Special Purpose Apps:

Panols  (For splitting pictures and panoramas to post on Instagram)

Note the above links are for iPhones. Most apps are also available for Android.

All your questions answered

Thank you to everyone for submitting questions throughout our conversation with Jim and during the Q&A! Read through some of Jim’s answers below and feel free to tweet any lingering questions @photoshelter.

This Q&A was lightly edited for clarity and length.

Do you use any lens attachments on your iPhone, or are you just using the regular iPhone camera?

JR: You know what? This is not a judgment call, this is just my own decision, but the more I played around with adding attachments, the more it got to be a job like using a digital SLR. And I figured, you know what I’m trying to do here? I’m trying to make an iPhone into a digital SLR, and it’s not the strength of the thing. 

So I just decided that I would take the pictures I could take with the iPhone. And other jobs, I would leave to the digital SLR.

Lot of people are wondering if you’re shooting in JPEG or RAW on the iPhone?

JR: Here’s my confession.
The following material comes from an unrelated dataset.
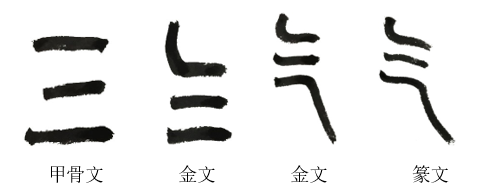 气,在甲骨文中是一个指事字,上下两横表示天地,中间一横代表天地之间的气流。据考,金文为了区别数目字“三”,起笔第一横或上下两横都添加了折笔。篆文的归整,字将“气”字由指事字变成了象形字,真如气流起伏的样子。

Most of those are JPEGs or HEIC.

I know they would be better in RAW and I’m probably going to kick myself somewhere down the road, but I have simply made this photography more interactive in the moment and have made my peace with that devil. And also, I just know how much space RAW pictures take up.

However, if I was going to recommend to someone that they really want ultimate quality, yeah, you shoot RAW.

What iPhone model do you have right now that you’re shooting on?

JR: I have an XS Max. I don’t have the 11. I should. I know it’s better. They’re always getting better…

And by the way, anybody who’s sitting out there with an Android, a Samsung or whatever… they’re marvelous cameras. I’m not putting them down, but I’m in the Apple universe, and the connections with my laptop and my iPad matters to me more than any marginal increase in camera. The one exception might be that I’m in envy of anybody who’s got the very best low-light camera right now. That is the next frontier.

Are mirrorless cameras the magic in the middle? What’s your familiarity with those and what are your opinions of mirrorless?

JR: Well, I’ll just go out on a limb. Mirrorless is the future, obviously for very, very many reasons, and you really don’t need a mirror flopping around in your camera anymore. The one thing is, if you’re a sports photographer capturing sports action, then yeah, you still want that Nikon D5 for follow-focus. 

Other than that, I can’t think of a lot of reasons you want it. Plus the fact that it’s easier for the optical engineers to design the lenses, particularly wide-angle lenses for maximum quality on a mirrorless camera. Plus, oh my gosh, the camera can be silent. Totally silent. Do you know how many years I spent trying to get people to ignore the clack of my camera?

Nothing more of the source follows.